Fair value, nonrecurring, Level 3 measurements from impairments in millions of dollars follow:
* See financing receivables with specific allowances in Note 10 that were not significant.
The fair value measurement and impairment losses shown above were the result of changes in circumstances that indicate it was probable the future cash flows would not cover the carrying amounts of certain long-lived assets. The non-cash charge of $26 million pretax and after-tax was recognized in the first quarter of 2014 in cost of sales. The impairment was associated with the Company’s John Deere Water operations, which were included in the agriculture and turf operating segment. The impairment was due to a decline in forecasted financial performance and a review of strategic options for the business, which was sold in May 2014.
Level 1 measurements consist of quoted prices in active markets for identical assets or liabilities. Level 2 measurements include significant other observable inputs such as quoted prices for similar assets or liabilities in active markets; identical assets or liabilities in inactive markets; observable inputs such as interest rates and yield curves; and other market-corroborated inputs. Level 3 measurements include significant unobservable inputs.
Fair value is defined as the price that would be received to sell an asset or paid to transfer a liability in an orderly transaction between market participants at the measurement date. In determining fair value, the Company uses various methods including market and income approaches. The Company utilizes valuation models and techniques that maximize the use of observable inputs. The models are industry-standard models that consider various assumptions including time values and yield curves as well as other economic measures. These valuation techniques are consistently applied.

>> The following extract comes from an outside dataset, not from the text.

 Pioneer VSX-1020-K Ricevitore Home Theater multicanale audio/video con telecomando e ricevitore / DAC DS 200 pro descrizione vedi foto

The following is a description of the valuation methodologies the Company uses to measure certain financial instruments on the balance sheet at fair value:
Marketable Securities – The portfolio of investments is primarily valued on a market approach (matrix pricing model) in which all significant inputs are observable or can be derived from or corroborated by observable market data such as interest rates, yield curves, volatilities, credit risk and prepayment speeds. Funds are primarily valued using the fund’s net asset value, based on the fair value of the underlying securities.

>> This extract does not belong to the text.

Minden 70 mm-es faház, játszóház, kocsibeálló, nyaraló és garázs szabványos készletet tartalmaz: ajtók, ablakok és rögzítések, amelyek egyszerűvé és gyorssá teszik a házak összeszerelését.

Derivatives – The Company’s derivative financial instruments consist of interest rate swaps and caps, foreign currency forwards and swaps and cross-currency interest rate swaps. The portfolio is valued based on an income approach (discounted cash flow) using market observable inputs, including swap curves and both forward and spot exchange rates for currencies.
Financing Receivables – Specific reserve impairments are based on the fair value of collateral, which is measured using a market approach (appraisal values or realizable values). Inputs include a selection of realizable values.
Property and Equipment – Net – The impairments are measured at the lower of the carrying amount, or fair value. The valuations were based on an income approach using probability weighted cash flows of potential outcomes of the ongoing strategic option review. The inputs include estimates of the cash flow related to each of the alternatives being considered and management’s estimate of the likelihood of each alternative.
Other Assets – The impairments are measured at the lower of the carrying amount, or fair value. The valuations were based on a market approach. The inputs include sales of comparable assets.